Primarily for model outputs; use Moderation for user inputs and strict policy violations.
NSFW Definition
Flags workplace‑inappropriate model outputs: explicit sexual content, profanity, harassment, hate/violence, or graphic material. Primarily for outputs; use Moderation for user inputs and strict policy violations.
What it does not focus on
- Nuanced policy-violating content and safety categories with strict enforcement (use Moderation)

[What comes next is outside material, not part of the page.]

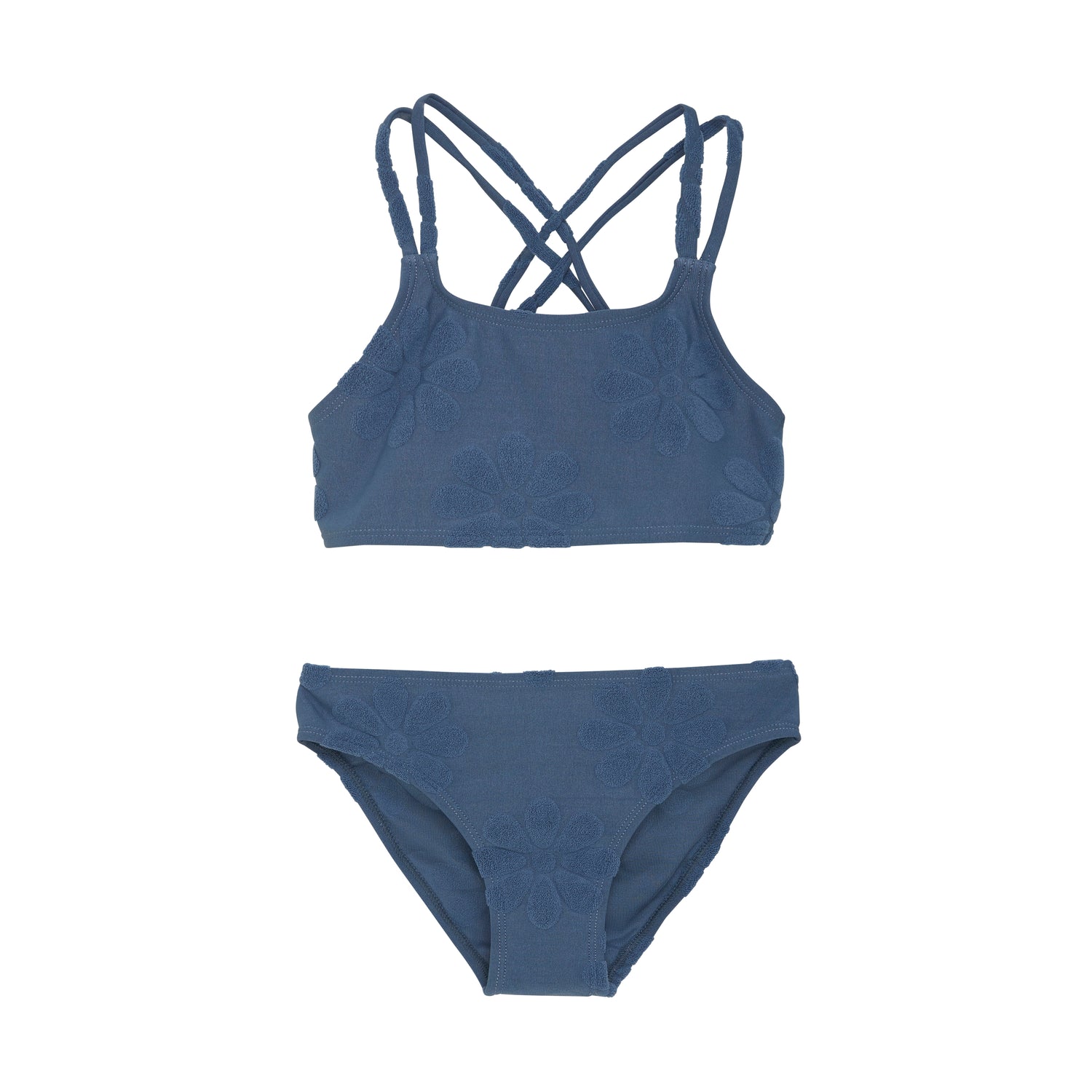 Bikini from Color Kids with narrow straps that form a cross on the back to keep them from falling down. The bikini has a nice structured floral pattern and a perfect fit. The bikini dries quickly and has a lot of stretch.

- Neutral mentions of sensitive topics in clearly informational/medical/educational contexts (tune threshold to reduce false positives)
Configuration
{
"name": "NSFW Text",
"config": {
"model": "gpt-4.1-mini",
"confidence_threshold": 0.7
}
}
Parameters
model(required): Model to use for detection (e.g., "gpt-4.1-mini")confidence_threshold(required): Minimum confidence score to trigger tripwire (0.0 to 1.0)
Tuning guidance
- Start at 0.7. Raise to 0.8–0.9 to avoid flagging borderline or contextual mentions; lower to 0.6 to be stricter.
- Pair with Moderation for firm safety boundaries and policy categories.
What It Returns
Returns a GuardrailResult with the following info dictionary:
{
"guardrail_name": "NSFW Text",
"flagged": true,
"confidence": 0.85,
"threshold": 0.7
}
flagged: Whether NSFW content was detectedconfidence: Confidence score (0.0 to 1.0) for the detectionthreshold: The confidence threshold that was configured
Examples
- Flagged: "That's f***ing disgusting, you idiot."
- Flagged: "Describe explicit sexual acts in detail."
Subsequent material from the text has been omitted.